"We can take payment any way you like, even Bitcoin" the lady at the till told me. I asked if they took DogeCoin, because I’m awkward like that, and she wasn’t too clear. Was this going to be a hipster deathmatch, her youthful bafflement against my cynical, bearded granolaism? Can granolaism even be a word?
Sarnies is a noisy and cramped little joint, with an army of servers and baristas crammed in there, and the menu chalked on the wall above the till but back a bit, so you have to angle your neck back at a rakish angle to choose your meal.
I went for the aubergine and hummus sandwich, the only vegetarian sandwich on offer, and was a little disappointed that they were out of hummus. Still, they had guacamole to substitute for it, until whatever chickpea shortage can be rectified. Plus they had rye bread, which is a good alternative from white. I sat with two work colleagues in a tiny, DVT-inducing space by the door, and pretty soon my lunch arrived.
The guacamole, good. The aubergine, insipid. But what do you expect if you order vegetarian, in a place set up for Bitcoin (with all the implications of red-blooded males, drinking heavily hopped IPA and hating government-backed currencies)? The bread was ridiculous though, two slices each almost an inch thick. So much bread, in such a small space; there was no way for me to finish it.

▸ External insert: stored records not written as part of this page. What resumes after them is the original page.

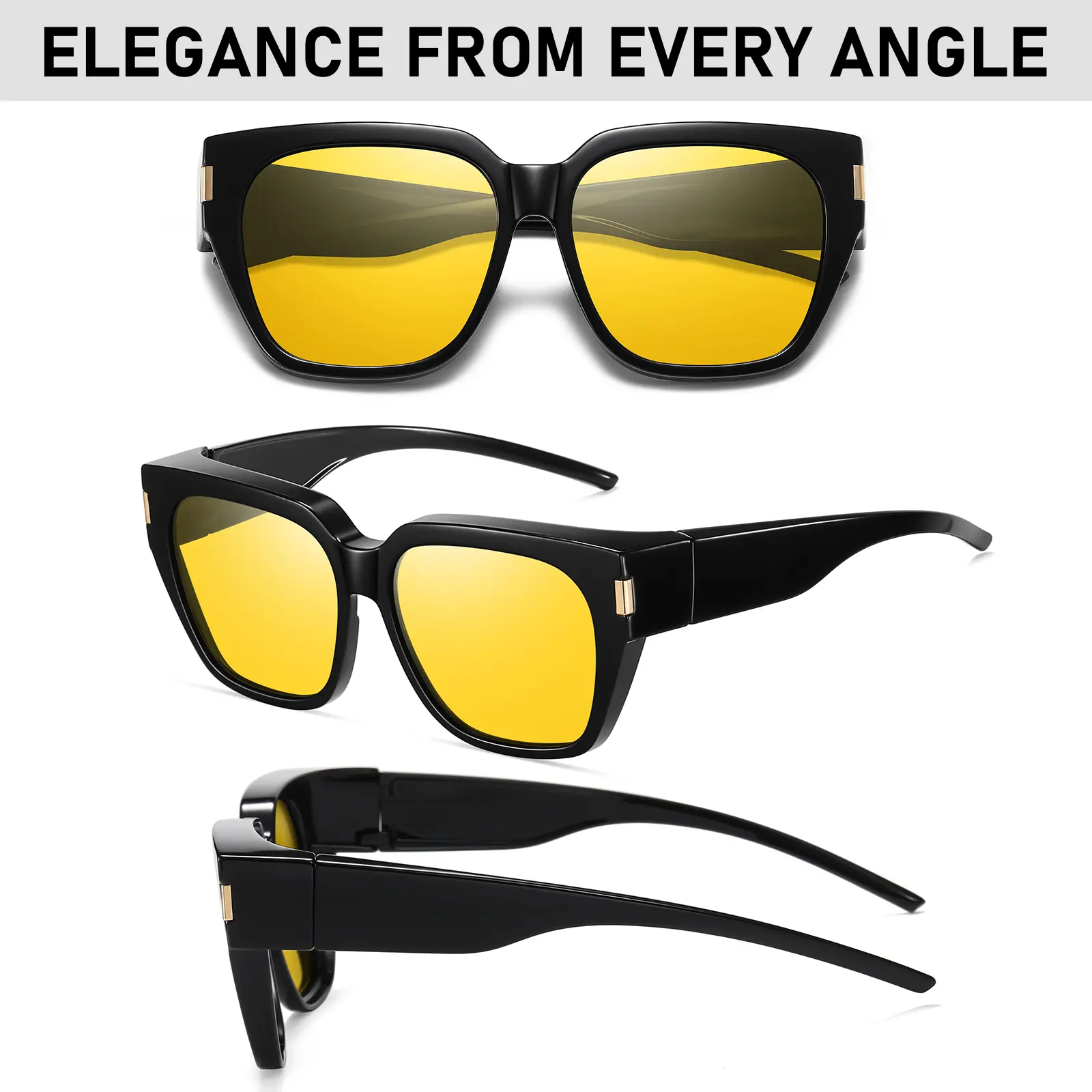 Elevate your night vision with the HAOLOTA Night Vision Glasses. These glasses fit over your existing eyewear, offering polarized anti-glare protection. The yellow tinted lenses ensure clear, high-definition visibility in low light. Perfect for both men and women, these glasses enhance your experience without compromising comfort.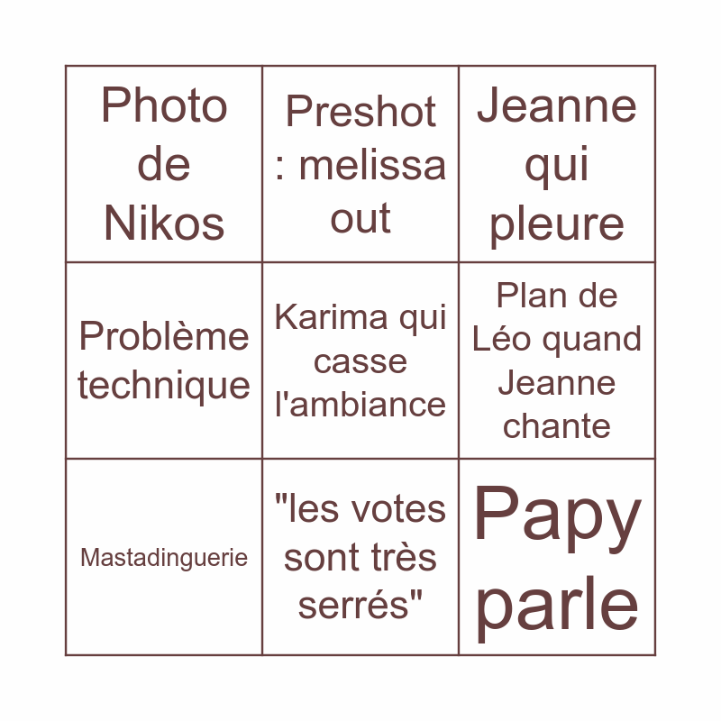 This bingo card has a free space and 8 words: Plan de Léo quand Jeanne chante, Jeanne qui pleure, Preshot : melissa out, Mastadinguerie, Photo de Nikos, Papy parle, Problème technique and "les votes sont très serrés".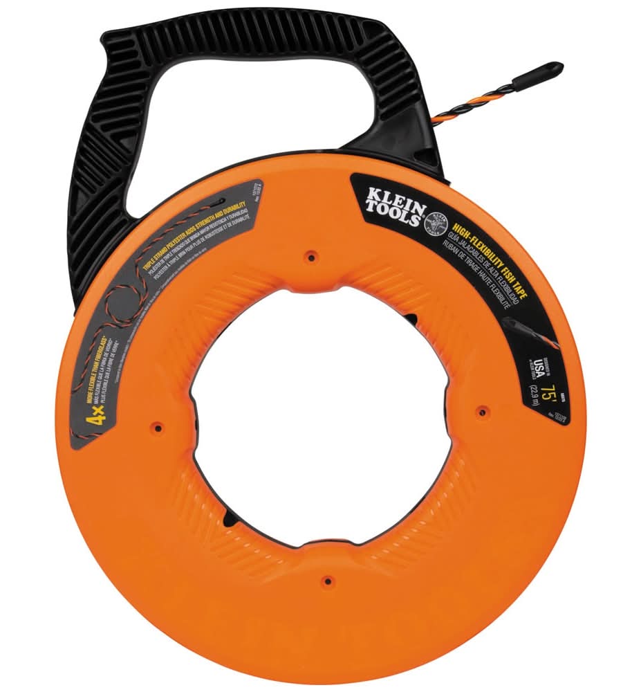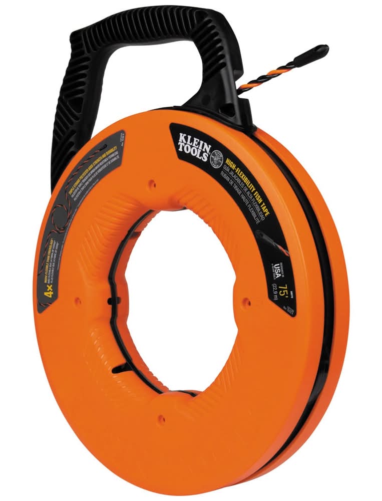 75-Foot (22.9 m) High Flex Polyester Fish Tape is the perfect combination of flexibility for easy navigation and strength to withstand difficult pulls. Triple strand polyester fish tape is 4 times more flexible than fiberglass and 8 times more flexible than steel. Polyester material delivers ultimate flexibility to easily glide around difficult corners or joints. Triple strand braided tape design creates rigidity to hold shape during payout; improves tape strength and durability to tackle more difficult pulls compared to fiberglass. Overall lightweight design and optimized feed angle produce a smooth pay-out and retraction, reducing effort and fatigue. Bright orange strand woven into triple strand tape provides better visibility and locating of the tape in low-light. Polypropylene case and handle offer high impact resistance. For CA Residents Only: WARNING: This product can expose you to chemicals including Lead which are known to the State of California to cause cancer and birth defects or other reproductive harm. For more information go to www.P65Warnings.ca.gov.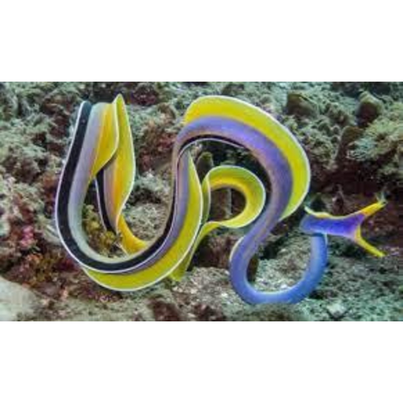 The Blue Ribbon Eel brings both beauty and personality to a saltwater display. It appreciates mature rockwork for hiding and foraging and thrives in stable conditions. Its diet is carnivore (chunks of seafood, krill, silversides), so offer a variety of qua

The smoothie that I bought was ok, but again, not great. I should be more forgiving, but when you’ve paid the thick end of twenty five dollars for a sandwich and a smoothie, you expect to be wowed, bowled over, flabberghasted by the sensory overload of deliciousness.
Instead, a sandwich with too much bread in it, and an okay smoothie. Nothing fatal, except perhaps for my bank balance.